Editorial | The crackdown on Big Tech will ensure future healthy growth
- It is undeniable that the rapid growth of the Chinese digital economy has exposed regulatory loopholes and, as Xi Jinping warns, threatened the country’s economic and financial security and stability

The future of China’s economy is digital, but its enormous wealth and benefits must be spread out to everyone, not just a few big tech companies. That’s the message from President Xi Jinping, in a 3,000-Chinese character essay signed with his own name.
With an economy on course to become the world’s largest, big data, cloud computing and artificial intelligence will play a big role, wrote Xi. New developments will include 6G telecommunications. This blueprint as spelt out in the essay is in line with Xi’s speech on the digital economy last October and is explained further in more technical details in a master plan laid out by the State Council.
In 2020, China’s digital economy expanded by 9.7 per cent to 39.2 trillion yuan (US$6.2 trillion), equivalent to 38.6 per cent of China’s economic output.
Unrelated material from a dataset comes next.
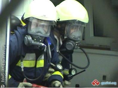 Gasilca z dihalnim aparatom.
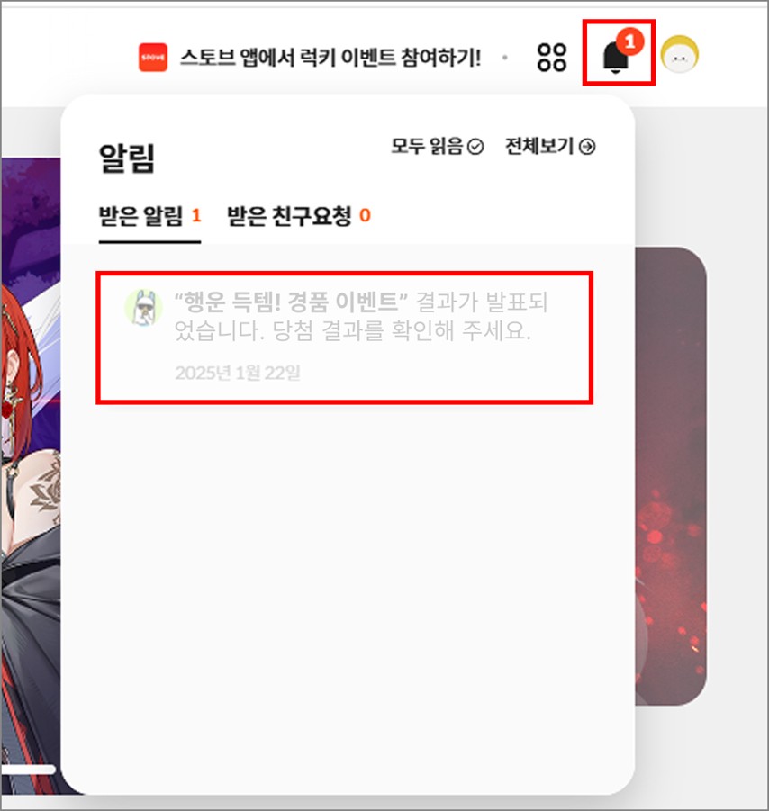 - 당첨 여부는 우측 상단‘알림’ 내 메시지를 클릭하여 확인할 수 있습니다.

But beyond the purely technical, Xi helps put the crackdown on Big Tech within the past two years in perspective. The crackdown, which has wiped out US$1 trillion of value from their stocks, is often interpreted in the West as the communist state’s fear of losing control over the digital economy, including online banking. But that is too simplistic, a projection of Western business priorities and assumptions over Chinese ones.
Beijing has made it clear profit is not the only or the ultimate goal of business; “common prosperity” or spreading the wealth is. To this end, monopolistic practices and market dominance can no longer be tolerated. Many foreign critics have countered that China’s capitalist take-off in recent decades has also created one of the most unequal societies in the world.